With oil above $100, the government now has to spend twice as much to import oil as it did earlier. It cannot pass on these high oil costs to consumers amid such rapidly rising inflation and weak demand. So, it will have to bear these costs, which then severely hampers its ability to spur the economy through increased capital expenditure, as planned. Against this gloomy backdrop, Russia has offered to sell oil at lower prices to India. It is a hard temptation for India to resist. But one that comes with profound and long-lasting consequences.
Whenever global crude oil prices have risen above $100 in the past, India was able to cushion that shock primarily through growth in exports. In the UPA’s tenure, when oil prices were similarly high, exports rose to nearly 25 per cent of nominal GDP, which helped India withstand the shock. However, exports in the last seven years have fallen dramatically to 18 per cent of GDP, which must be revived. With weak domestic demand, lack of private investment and fiscal bottlenecks to government expenditure, the only viable option for India now is to export its way out of economic misery.
The US is India’s biggest export market. The US has already cautioned India about abetting Russia by buying Russian oil. It remains to be seen if the US will impose secondary sanctions against India for buying discounted Russian oil, but that threat looms large. India’s precarious economy cannot withstand trade sanctions or barriers to exports by other nations in the western world.
There is another issue with buying Russian oil. Typically, when India trades with any nation, it is invoiced and paid in US dollars. But with US sanctions against Russia, it will insist on payment in rubles. If India is forced to accept trading in rubles with Russia, then it is very likely that China, which is India’s second-largest trading partner, may also insist on payments in Chinese yuan. Saudi Arabia may also insist on trading in a currency other than the US dollar. This cascading “de-dollarisation” phenomenon will further irk and antagonise the US, since it weakens the dollar’s status as the world’s reserve currency. The real geo-economic battle in the world today is the “exorbitant privilege” of the dollar that the US is keen to preserve and China to dismantle. If India is forced to purchase Russian oil in rubles and potentially trade in yuan with China and others, it can catapult India into the centre of a geo-economic war that it can ill afford.

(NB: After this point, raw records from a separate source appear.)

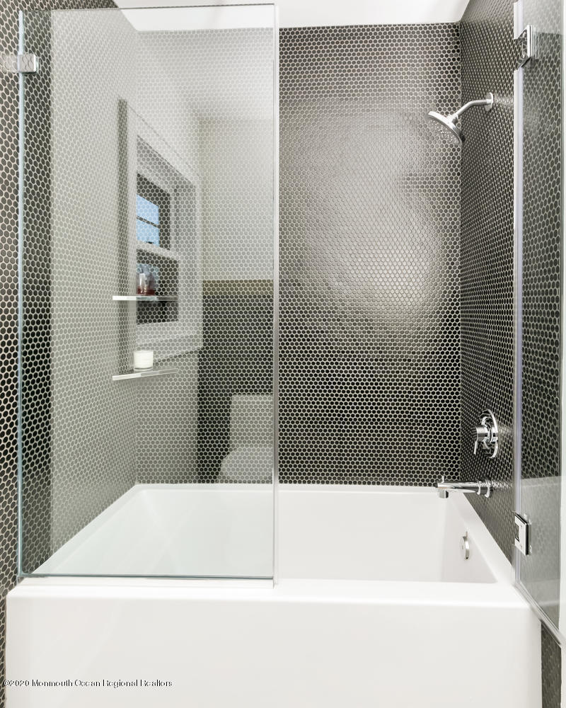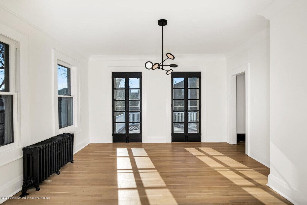 STEPS TO THE BEACH! Fabulous RENTAL in one of Rumson's hottest neighborhoods. Beautifully updated w/ a modern open floor plan & NY-chic finishes. Handsome covered front porch,high ceilings,custom millwork & hardwood flooring throughout. Gorgeous updated kitchen w/ white cabinetry,quartz countertops,oversized island w/ seating & high end appliances opens to sun drenched family room w/ handsome fireplace. BRAND NEW BATHS remodeled to perfection w/ designer selections & custom vanities. Generous sized BRs w/ great closet space plus finished 3rd floor w/ storage area. Gorgeous lighting,new doors and hardware & new AC. Tenant has use of Right Garage. Rental for main house only (not guest house). MINUTES TO NY FERRY. Good credit a must,no smokers.
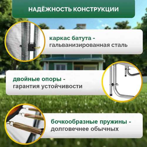 | Комплектация | Батут, Защитный мат, Защитная сетка, Нижняя сетка, Лестница |
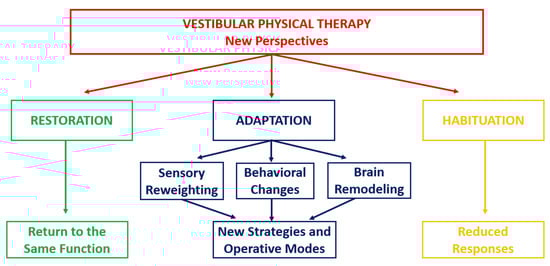 Several studies focused on vestibular recovery in animal models have provided a robust theoretical framework for understanding the compensation mechanisms following vestibular dysfunction [24,25]. According to these studies, improvements in vestibular function rely on the three key mechanisms previously defined: restoration, adaptation via sensorimotor substitution, and habituation. These mechanisms are part of the brain’s neuroplastic response to vestibular loss. They drive full synaptic remodeling of the pathways (restoration); functional reorganization of neuronal networks through the use of sensorimotor strategies drawn from the behavioral repertoire, or by creating new substituting modes (adaptation); and an improvement in the ability to ignore or reduce the response to disturbing stimuli (habituation). All these mechanisms reflect the brain’s orchestration of neuronal network remodeling, which represents vicariant idiosyncratic melodies played by each vestibular patient, as illustrated in Figure 1.

Exports remain India’s biggest hope for a long-term sustainable economic recovery with ample job creation. The Russia-Ukraine conflict can be an opportunity for India to step up and capture global market share in goods and services. There is already talk of India capitalising on wheat exports, albeit a tiny share of India’s overall exports, as a fallout of global sanctions against Russian wheat. India cannot risk being isolated in future global trade for near-term discounted oil deals with Russia.
The Russia-Ukraine conflict and China’s unambiguous support for Russia have reshaped the world order once again along two axes, pitted against the US and its allies. The US and China are India’s largest trading partners. New Delhi’s best bet now is to negotiate with all its trading partners equally and extract the best possible support for India’s long-term interests.